__Work order__.
Give again, word for word, the line holding "When you place" and every line after it through the end of the data below. Omit pictures.

____________________

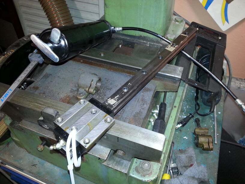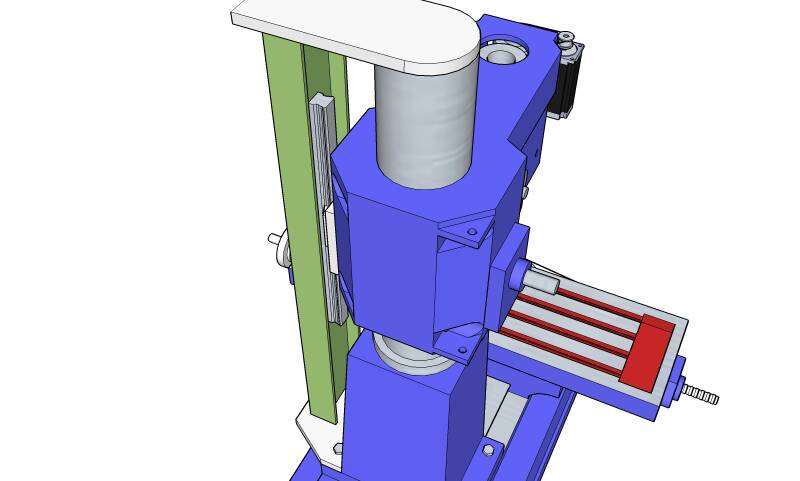 Tanken är att man monterar skenan på pelaren, och linjärlagret i fräsens huvud.
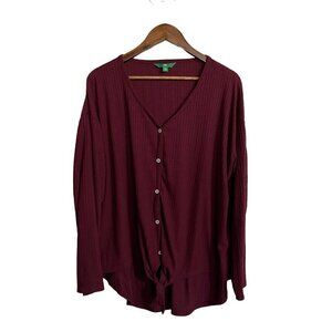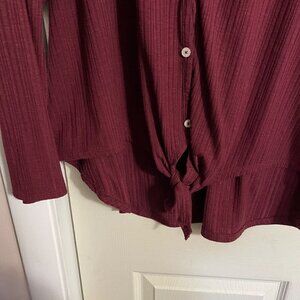 Dip Womens Burgundy Ribbed Long Sleeve Button Front Tie Blouse Size 1X
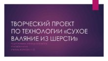 ТВОРЧЕСКИЙ ПРОЕКТ ПО ТЕХНОЛОГИИ СУХОЕ ВАЛЯНИЕ ИЗ ШЕРСТИ
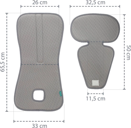Sprytna, dwuczęściowa konstrukcja dopasowuje się do pozycji zagłówka i wielkości fotelika – część siedziska, oparcia i zagłówka pozostają zawsze osłonięte. Kształt wkładki jest zoptymalizowany pod prawidłowe prowadzenie pasa bezpieczeństwa i nie ogranicza wykorzystania dodatkowych punktów kotwiczenia. Montaż jest szybki dzięki systemowi Easy Fit i rzepom, a pielęgnacja prosta (pranie ręczne).
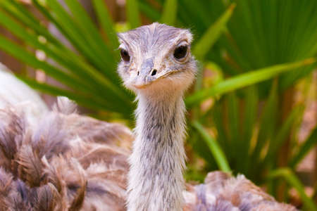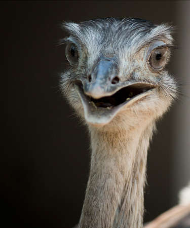 Gray rhea. Closeup of a funny bird face looking at the camera.
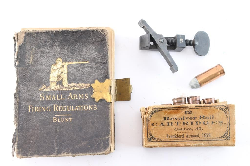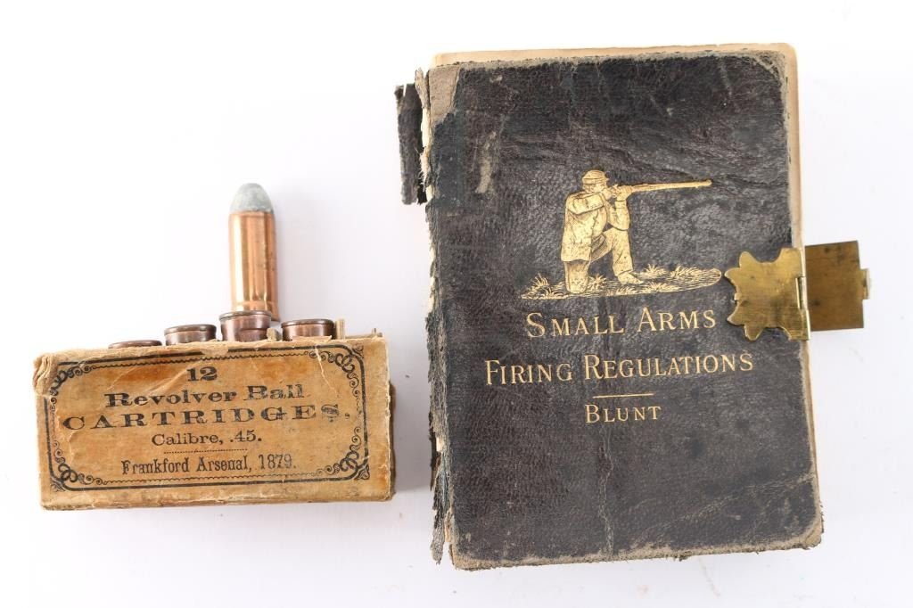 Made cartridges in fragmenting box with no labels on top. Internal primed copper case. Along with minty U.S. marked spring V.SE probably for trapdoor. Small arms regulations pocket book by Blunt. The estate collection of John Kopec.
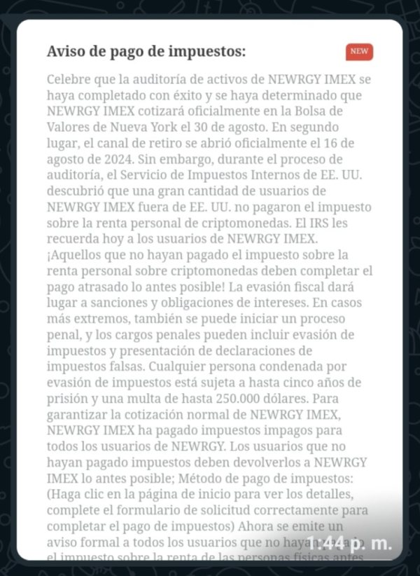 NEWRGY IMEX no me deja retirar mi dinero, me decían que la aplicación estaba siendo regularizado, hasta el 16 de agosto, y hoy me informan que debo depositar otra cantidad para poder retirar y sería hasta el 26 de agosto, pero ya no responden y no me dejan realizar nuevamente la solicitud de retiro
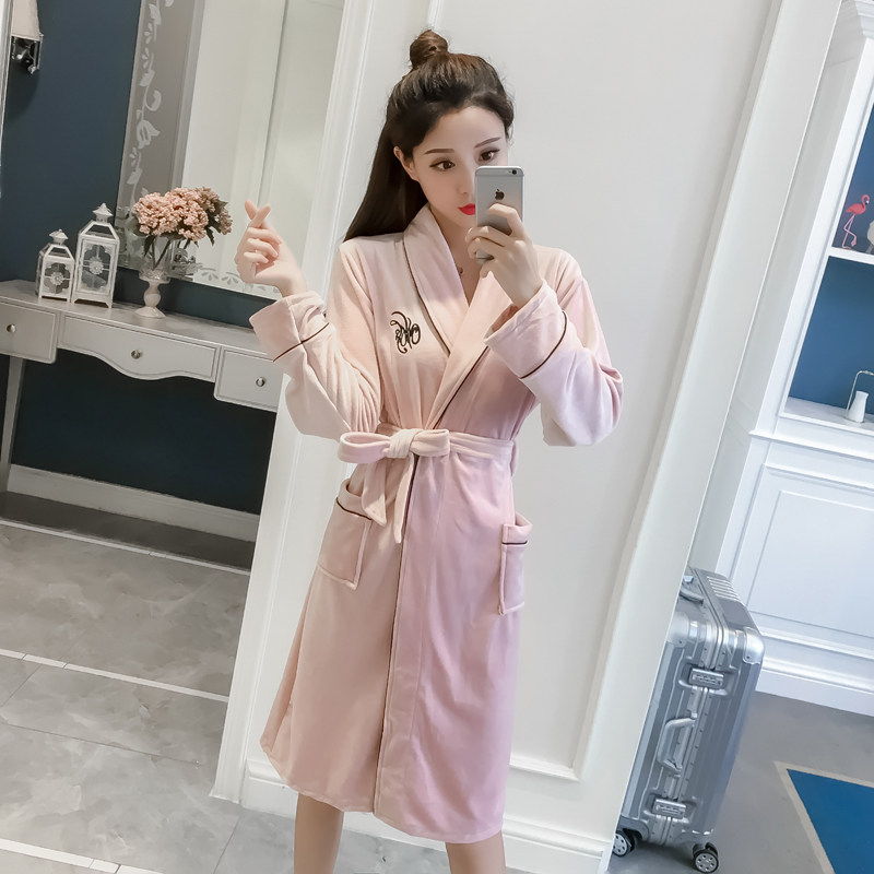 Spring Autumn Warm Sea Island Suede Pyjamas Winter Sexy Long Sleeves Flannel Velvet Pyjamas Woman's home Clothing Thin sleeping skirt Bathrobe
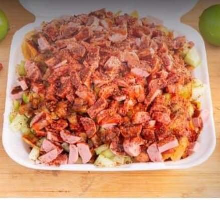 Cama de papitas surtida, pepino, rielito, cacahuate, camarón y winie salseado.
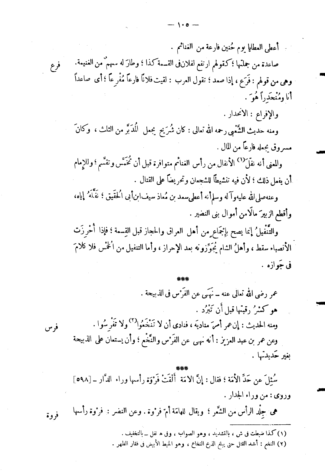 فرع أعْطى العطايا يَوْم حنين فارعة من الْغَنَائِم. صاعدة من جُمْلَتهَا كَقَوْلِهِم ارْتَفع لفُلَان فِي الْقِسْمَة كَذَا وطار لَهُ سهم من الْغَنِيمَة. وَهِي من قَوْلهم: فرع إِذا صعد تَقول الْعَرَب: لقِيت فلَانا فارعاً مفرعاً أَي صاعداً أَنا ومنحدراً هُوَ. والإفراع: الانحدار. وَمِنْه حَدِيث الشّعبِيّ رَحمَه الله تَعَالَى: كَانَ شُرَيْح يَجْعَل الْمُدبر من الثُّلُث وَكَانَ مَسْرُوق يَجعله فارعاً من المَال. وَالْمعْنَى أَنه نفل الْأَنْفَال من رَأس الْغَنَائِم متوافرة قبل أَن تخمس وتقسم وَللْإِمَام أَن يفعل ذَلِك لِأَن فِيهِ تنشيطاً للشجعان وتحريضاً على الْقِتَال. وَعنهُ صلى الله عَلَيْهِ وَسلم أَنه أعْطى سعد بن معَاذ سيف الدّين ابْن أبي الْحقيق نفله إِيَّاه وأقطع الزبير مَالا من أَمْوَال بني النَّضِير. والتنفيل إِنَّمَا يَصح بِإِجْمَاع من أهل الْعرَاق والحجاز قبل الْقِسْمَة فَإِذا أُحرزت الْأَنْصِبَاء سقط وَأهل الشَّام يجوزونه بعد الْإِحْرَاز وَأما التَّنْفِيل من الخُمس فَلَا كَلَام فِي جَوَازه.
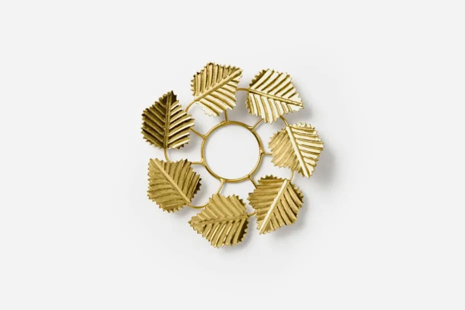 Naturen tog sig ständigt nya skepnader i Estrid Ericsons skaparhänder. Som en hyllning till hennes kreativitet har Svenskt Tenn tagit fram tre dekorationskransar. De spröda löven är böjbara så att varje ljusmanschett kan formas unikt.
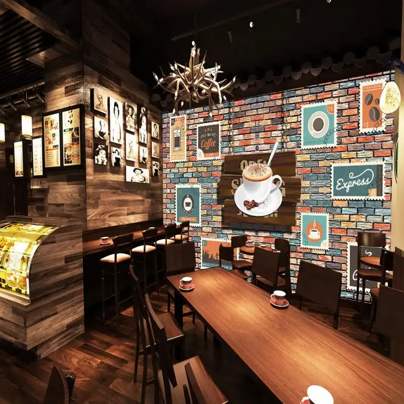 Beibehang Custom Wallpaper Retro Log Restaurant Cafe Wallpaper
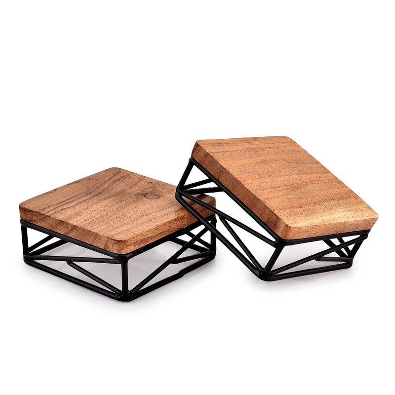 NIRMAN Riser Square Display Wooden Base Stand for Kitchen/Bathroom Counter/Plant Stand Set of 2 ( 4" x 4" x 1.75")
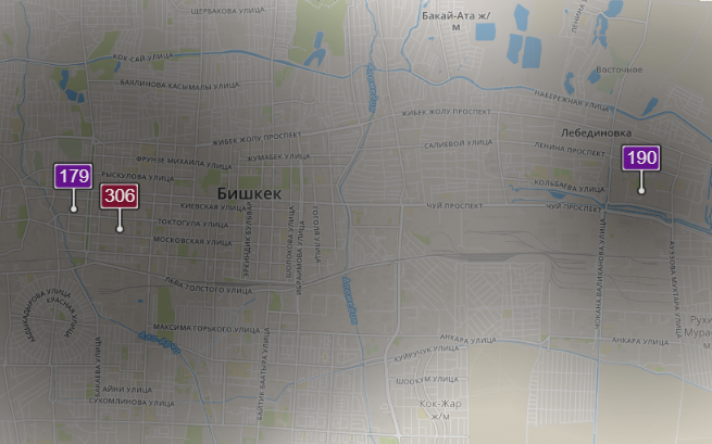 - в районе улиц Бейшеналиевой/Токтогула. Уровень загрязнения превышен в 1,85 раза: PM2.5 среднесуточный — 65 мкг/м³, на момент измерения — 179 мкг/м³;
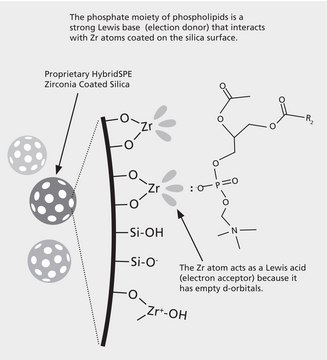 HybridSPE-Phospholipid technology is a simple and generic sample prep platform designed for the gross level removal of endogenous protein and phospholipid interferences from biological plasma and serum prior to LC-MS or LC-MS/MS analysis. Biological plasma or serum is first subjected to protein precipitation via the addition and mixing of acidified acetonitrile. Precipitated proteins are then removed by centrifugation and the resulting supernatant is loaded on the HybridSPE-Phospholipid 96-well plate or cartridge which acts as a chemical filter that specifically targets the removal of endogenous sample phospholipids. The phospholipid retention mechanism is based on a highly selective Lewis acid-base interaction between the proprietary zirconia ions functionally bonded to the HybridSPE-Phospholipid stationary phase and the phosphate moiety consistent with all phospholipids. The resulting eluent is ready for immediate LC-MS or LC-MS-MS analysis.
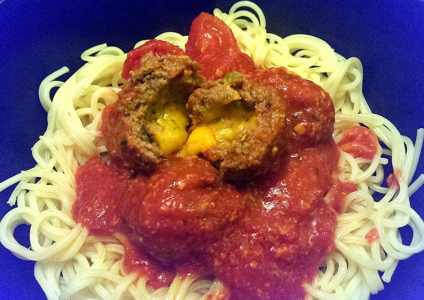 - If your meatballs leaked any cheese, pick this up (avoiding any oil) and add to the sauce.
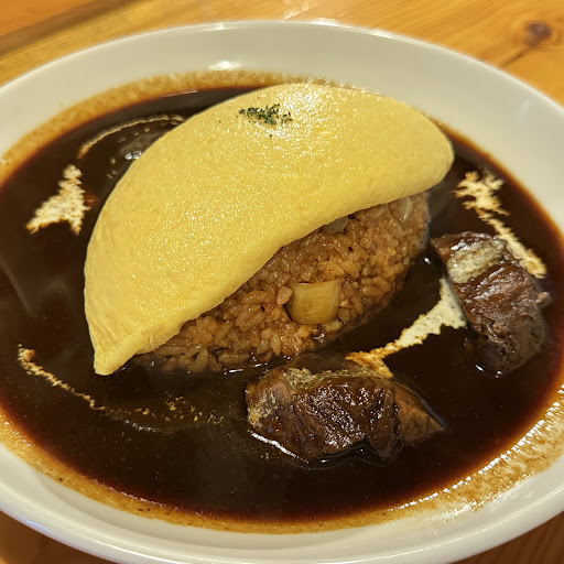 【メニュー】 「黒毛和牛門崎丑 オムライス(1,800円)」 ※単品注文のため300円引き
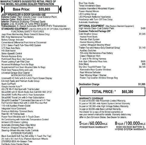 Carfax 1 Owner New Vehicle Trade! Wrangler Sahara 4XE, 2.0 I4, 4WD, 8 Speed Automatic, SKY ONE TOUCH ROOF, Heated Front Seats, Heated Steering Wheel, Trailer Tow Package, Remote Start, Automatic Climate Control, Rear View Camera, Uconnect NAV, Sirius XM Radio, Remote Keyless Entry, Power Windows, Power Locks, Power Mirrors. This vehicle has good tires, is in good condition and is ready for many more miles! This Wrangler Sahara has a clean vehicle history report and does not have any accidents. Call us today, this vehicle won't last long at this price 573-677-1305! Laura Automotive Group, serving our communities for over 43 years!! We are a family owned dealership committed to providing our customers the best deals backed by outstanding service!
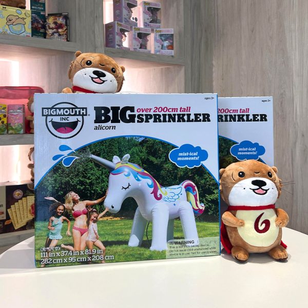 If you’re gonna keep cool, you’ve got to be cool. Sure, the kids could run through the rusty ol’ sprinkler you keep in your shed (think: “ouch! dad my eyes are burning!”). But if you want cool points with the fam you’ve got to THINK BIGGER man! Take your summer game to the next level with our Ginormous 6-foot tall Unicorn Yard Sprinkler. It’s the missing piece to that epic birthday, pool party, BBQ, or family reunion you’ve been planning (or dreading). We made it super-simple to use, too. Just inflate it, and connect a standard garden hose. Turn on the water and voila! water sprays out of the unicorn’s horn and onto a bunch of happy people who were about to leave for “a prior engagement”. The inflatable design also means that it’s lightweight, easy to move, and deflates for compact storage in the off-season. Party saved!
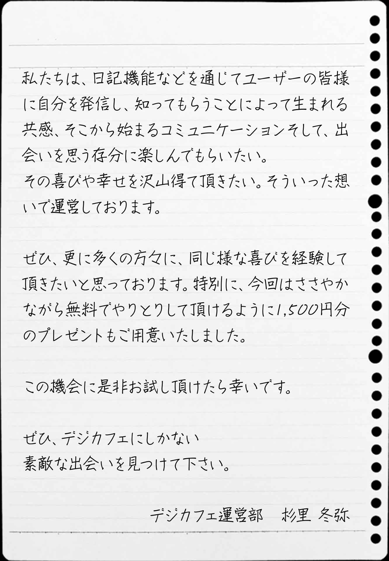 運営開始から21周年を迎えた老舗コミュニティサイト。 日記機能を特徴としたコミュニティは常に多くのユーザーが日記、コメント、チャットなどで盛り上がっており、 現在も1日3,000組のユーザーがマッチングしている。
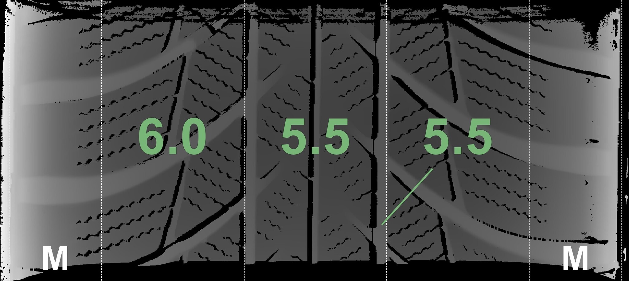 | Zustand | Profiltiefe | DOT | Hinterachse Rechts | Neu | 8.7 mm | 1525 |
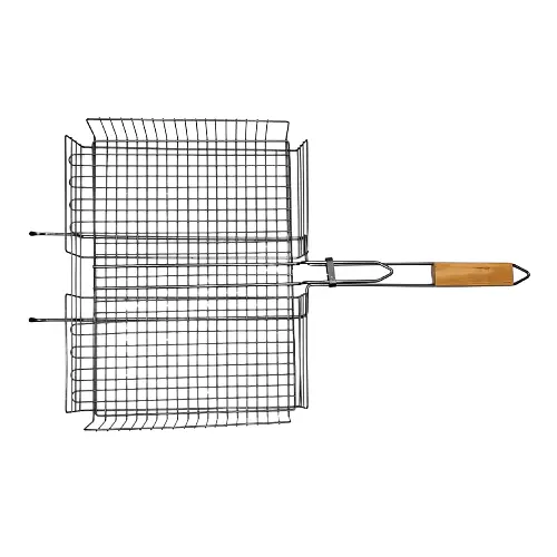 Благодаря продуманной форме, решетка позволяет надежно удерживать мясо, рыбу или овощи во время переворачивания, уменьшая риск их выпадения. Подходит для использования на пикниках, даче или во время отдыха на природе как практичный аксессуар для приготовления на угле.
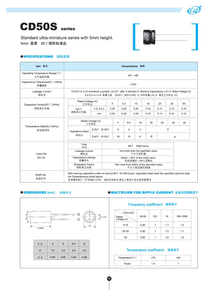 - Ultra-miniature electrolytic capacitor 47uF 16V
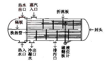 如下圖所示,壓力為0.4~0.6MPa的飽和蒸汽由蒸汽入口進入管式換熱器,經折流板、隔板上下流通,*終其大部分熱量被熱水吸收,形成凝結水從凝結水出口流出。一次熱水(溫度約為20℃)從熱水入口流進,經過從左向右的換熱管流至封頭,在經過從右向左的換熱管從熱水出口流出,變成二次熱水,二次熱水流向系統,放熱后流回換熱站循環水泵入口,經加壓后再次流向熱水入口,如此反復循環加熱,*終向用戶提供80~130℃的高溫熱水。
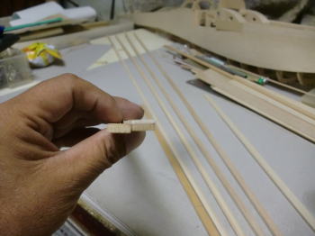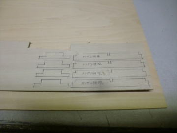 ● 其れを防ぐ意味での画像の加工手順を使っています。此れも経験値・・・。画像のリブ絶対重要な部分が、正方形に抜いたカンザシパイプの徹前後の正方形の角孔です。其れに付随する細い孔はパイプ部分をサポートする補助部材を通し、パイプと接着固定するんですが、まあ・・・普通に通せれば良いだけなので、然程綿密なる精度が必要な箇所ではありません。暫くは部材の切り出し加工記事が続きます。気長に閲覧して下さい。確実に前には進んでますから・・・。
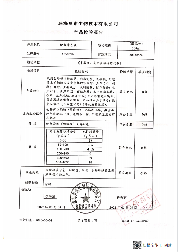 貝索 伊紅染液(醇溶性) 500ml BA4099 C220202
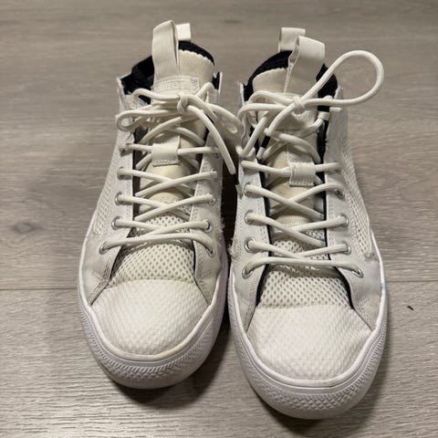 Converse sneakers joggesko i størrelse 40 med grønt stoffmateriale. Skoene har høyt skaft og hvite gummisåler med klassisk Converse-design. Egnet for daglig bruk.
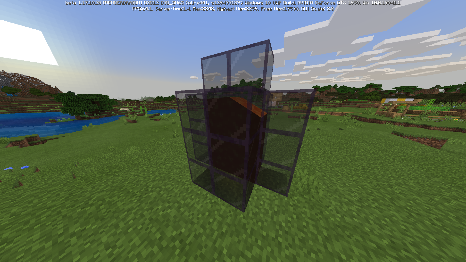 When you place down flowing lava or water inside the tinted glass, it looks dark on the side. This was fixed in Java 1.17 Pre-release 1 (MC-203661).
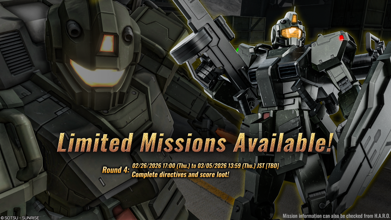 ※Unlike daily missions, you don’t have to complete all of them in one day. The achievement status will be carried over to the next day during the period. ※The details of the missions and their achievement status can be found in the “Missions”→ “Limited” under the H.A.R.O. menu. ※Rewards can be gained in the Rewards Center.
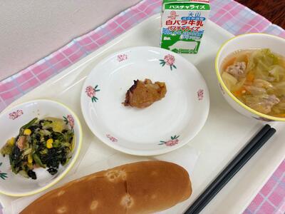 アップルパン、はちみつチキン、ほうれん草と白菜のサラダ、キャベツのスープ、牛乳

____________________

__Worked solution__.
 When you place down flowing lava or water inside the tinted glass, it looks dark on the side. This was fixed in Java 1.17 Pre-release 1 (MC-203661).
 ※Unlike daily missions, you don’t have to complete all of them in one day. The achievement status will be carried over to the next day during the period. ※The details of the missions and their achievement status can be found in the “Missions”→ “Limited” under the H.A.R.O. menu. ※Rewards can be gained in the Rewards Center.
 アップルパン、はちみつチキン、ほうれん草と白菜のサラダ、キャベツのスープ、牛乳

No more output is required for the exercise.